#### [What needs to be done]
Output range, inclusive: from the line containing "<「ロッテ」×「ことりっぷ」×「旅先の人気店」2商品のイメージ画像>" to the line containing "家にいながら、まるで旅先にい". Restate those lines from the data below word for word and only those.

#### [Given records]
#####

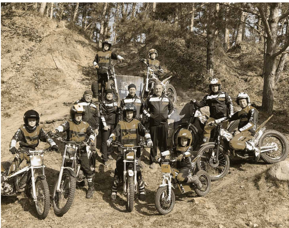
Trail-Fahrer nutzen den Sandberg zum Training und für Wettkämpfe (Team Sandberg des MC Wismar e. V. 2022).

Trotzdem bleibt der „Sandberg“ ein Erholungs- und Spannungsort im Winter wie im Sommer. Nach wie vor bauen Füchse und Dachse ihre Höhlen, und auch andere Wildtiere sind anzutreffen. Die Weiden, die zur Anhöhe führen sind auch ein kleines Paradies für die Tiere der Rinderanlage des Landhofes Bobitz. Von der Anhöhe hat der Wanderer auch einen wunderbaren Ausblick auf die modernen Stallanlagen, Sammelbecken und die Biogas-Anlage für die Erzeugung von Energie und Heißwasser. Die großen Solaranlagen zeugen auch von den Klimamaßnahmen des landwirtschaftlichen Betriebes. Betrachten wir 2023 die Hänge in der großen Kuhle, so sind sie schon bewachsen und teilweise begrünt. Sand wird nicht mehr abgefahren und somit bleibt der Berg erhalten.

#####

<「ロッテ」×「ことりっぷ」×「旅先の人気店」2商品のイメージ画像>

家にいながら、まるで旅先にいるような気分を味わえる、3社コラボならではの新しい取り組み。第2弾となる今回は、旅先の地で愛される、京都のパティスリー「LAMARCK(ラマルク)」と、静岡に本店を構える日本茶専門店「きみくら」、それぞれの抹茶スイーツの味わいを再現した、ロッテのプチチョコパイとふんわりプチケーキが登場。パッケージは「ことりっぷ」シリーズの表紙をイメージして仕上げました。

#####

#### [Answer to the exercise]
<「ロッテ」×「ことりっぷ」×「旅先の人気店」2商品のイメージ画像>

家にいながら、まるで旅先にいるような気分を味わえる、3社コラボならではの新しい取り組み。第2弾となる今回は、旅先の地で愛される、京都のパティスリー「LAMARCK(ラマルク)」と、静岡に本店を構える日本茶専門店「きみくら」、それぞれの抹茶スイーツの味わいを再現した、ロッテのプチチョコパイとふんわりプチケーキが登場。パッケージは「ことりっぷ」シリーズの表紙をイメージして仕上げました。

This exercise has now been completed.